_RECORDED DATA_.
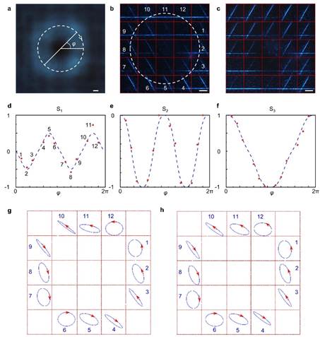 3. 空间非均匀偏振态的实验测量。(a)空间非均匀偏振光束的强度分布。 (b) (c)在不同圆偏振检偏下的焦面强度分布。(d)-(f) 基于神经网络推算的斯托克斯参量分布,虚线为设计值。(g) 神经网络推算的偏振态分布示意图。 (h) 设计的偏振态分布示意图。
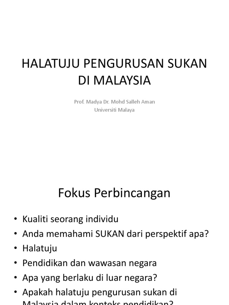 Halatuju Pengurusan Sukan Di Malaysia Pdf
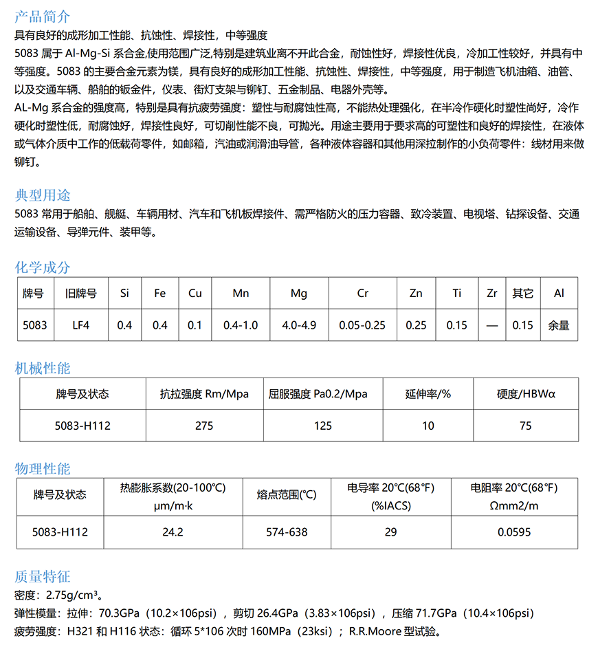 類 別:超強(qiáng)防銹鋁合金 鋁板品種:普通鋁板、拉絲鋁板、貼膜鋁板、超平鋁板、進(jìn)口鋁板.... 供貨狀態(tài):H111、H112、H116、H321、O... 厚 度:0.5mm-520mm 寬 度:1250/1500/1520/2000/2500mm 長(zhǎng) 度:2500/3000/4000/5000/6000/8000mm 價(jià) 格:電議 庫 存:大量現(xiàn)貨
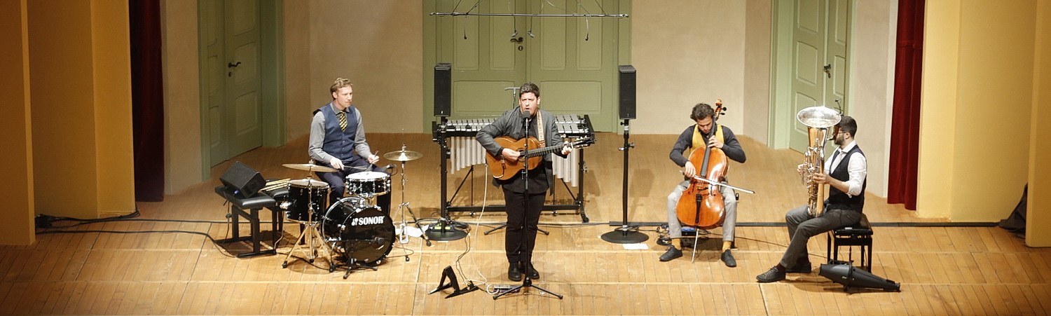 Das Ensemble The Erlkings präsentiert das deutsche Kunstlied in neuen Fassungen. Sänger Bryan Benner, in Florida geboren, in Schottland und Italien studiert und derzeit in Wien lebend und dort das Musikleben im Sinne des Komponisten bei Schubertiaden in Wirtshäusern gehörig aufmischend, hat deutsche Kunstlieder in seine Muttersprache Englisch gereimt übersetzt. Gemeinsam mit Ivan Turkalj am Cello, Simon Teurezbacher an der Tuba und Thomas Toppler am Schlagzeug und Vibrafon stellt er sie in einer Fassung dem Publikum vor, die sich zwar relativ eng am Klavierauszug von Schubert orientiert, aber eben nicht nur durch das Englische, sondern auch durch die ungewohnte instrumentale Besetzung anders klingt.

_DESCRIPTION OF THE TASK_. An exact copy of the lines from the line containing "Halatuju Pengurusan Sukan Di Malaysia Pdf" through the final line of the listing, without pictures, is the expected result.

_ANSWER SECTION_.
 Halatuju Pengurusan Sukan Di Malaysia Pdf
 類 別:超強(qiáng)防銹鋁合金 鋁板品種:普通鋁板、拉絲鋁板、貼膜鋁板、超平鋁板、進(jìn)口鋁板.... 供貨狀態(tài):H111、H112、H116、H321、O... 厚 度:0.5mm-520mm 寬 度:1250/1500/1520/2000/2500mm 長(zhǎng) 度:2500/3000/4000/5000/6000/8000mm 價(jià) 格:電議 庫 存:大量現(xiàn)貨
 Das Ensemble The Erlkings präsentiert das deutsche Kunstlied in neuen Fassungen. Sänger Bryan Benner, in Florida geboren, in Schottland und Italien studiert und derzeit in Wien lebend und dort das Musikleben im Sinne des Komponisten bei Schubertiaden in Wirtshäusern gehörig aufmischend, hat deutsche Kunstlieder in seine Muttersprache Englisch gereimt übersetzt. Gemeinsam mit Ivan Turkalj am Cello, Simon Teurezbacher an der Tuba und Thomas Toppler am Schlagzeug und Vibrafon stellt er sie in einer Fassung dem Publikum vor, die sich zwar relativ eng am Klavierauszug von Schubert orientiert, aber eben nicht nur durch das Englische, sondern auch durch die ungewohnte instrumentale Besetzung anders klingt.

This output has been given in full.